[R] by function ??
Matthew Dowle
mdowle at mdowle.plus.com
Tue Jan 5 11:53:26 CET 2010
I wrote :
> (some may return vectors, others may return vectors)
Its been pointed out there was a typo, and wasn't very clear anyway. It
should read '(some may return vectors, others may return scalars)'. I've
been asked for further explanation so here goes ...
The point I was trying to make is that the following expression is very
natural to write. It takes a bit of getting used to though. A reminder of
the 2 column Dataset (containing a group of 4 rows and a group of 3 rows)
then the R expression and then the output :
LEAID ratio
6307 0.7200000
6307 0.7623810
6307 0.8600000
6307 0.9200000
8300 0.5678462
8300 0.7700000
8300 0.8300000
the syntax :
Dataset = data.table(Dataset)
Dataset[,DT(ratio,scaled=abs(ratio-median(ratio)),sum=sum(ratio)),by="LEAID"]
and the 4 column output :
LEAID ratio scaled sum
6307 0.7200000 0.0911905 3.262381
6307 0.7623810 0.0488095 3.262381
6307 0.8600000 0.0488095 3.262381
6307 0.9200000 0.1088095 3.262381
8300 0.5678462 0.2021538 2.167846
8300 0.7700000 0.0000000 2.167846
8300 0.8300000 0.0600000 2.167846
The 2nd argument (the call to DT()) contains 3 expressions, which are
executed for each subset of the Dataset grouped by LEAID. The row order is
maintained for each subset, and these expressions operate on ordered vectors
as usual in R. We can use column names as variable names directly (like an
implicit ?with). Note that Dataset doesn't have to be ordered by LEAID, but
it just happens to be in this example.
A comment on each of the 3 expressions (the 3 arguments passed to DT()

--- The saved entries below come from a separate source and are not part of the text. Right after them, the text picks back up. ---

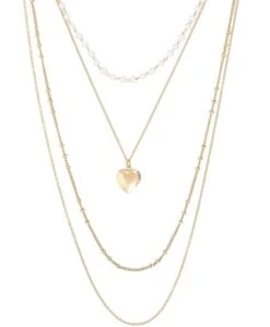 Die Kette – Layering Heart in der Farbe Gold besteht aus Gliederketten und einer Perlenkette in WeiĂź. Ein Amulett in Herzform schmĂĽckt diese Kette.
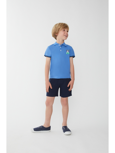 De polo in een zachte blauwe tint is fijn gedetailleerd met een grappige patch van een hond op de borst, wat een vleugje vrolijkheid en karakter toevoegt.
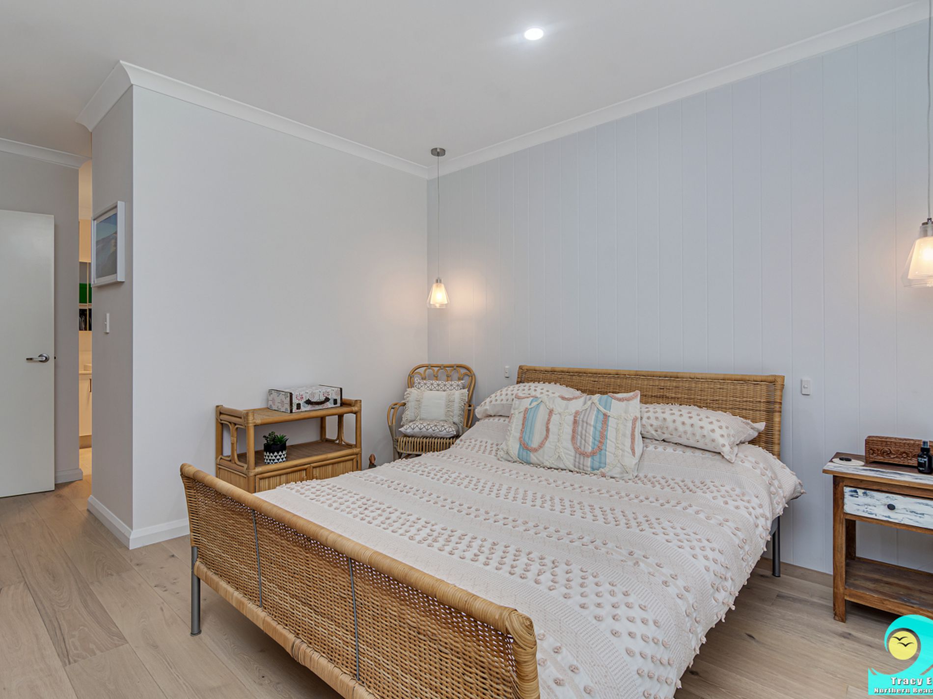 • The primary bedroom is to the rear of the property with a beautiful feature wall behind the bed plus gorgeous hanging side lights, plantation shutters with views to the backyard, super generous walk-in-robe, and ensuite with separate shower (perfect glass) stone top vanity and enclosed WC.

above) is perhaps useful :
ratio : just repeats the ratio vector as is. You don't have to include
this but I wanted to keep the input data in the output to demonstrate.
abs(ratio-median(ratio)) : median() returns a scalar, subtracted from
each element from ratio, and returns a vector. abs() takes a vector, and
returns a vector. Standard R and basic stuff. Any R expresssion can be used,
so its more powerful than SQL in thats sense because SQL is restricted to a
small set of functions (avg, min, max, etc), which has been said before and
been true about R for a long time. Its the overall syntax of the single
'query' that I'm trying to demonstrate.
sum(ratio) : returns a scalar aggregate on the vector input. Thats what I
meant by "others may return scalars". Notice the the value of sum(ratio) is
repeated in the final column of the output. The reason is because at least
one of the other expressions return vectors, and standard R silent
repetition rules are coming into play inside DT().
Then the 2 data.table's (one for each of the 2 groups) are combined and a
single data.table is returned. Very similar to SQL really and some other
ways to aggregate in R, but more compact, more natural, easier and more
convenient (and therefore quicker) to write, debug and maintain.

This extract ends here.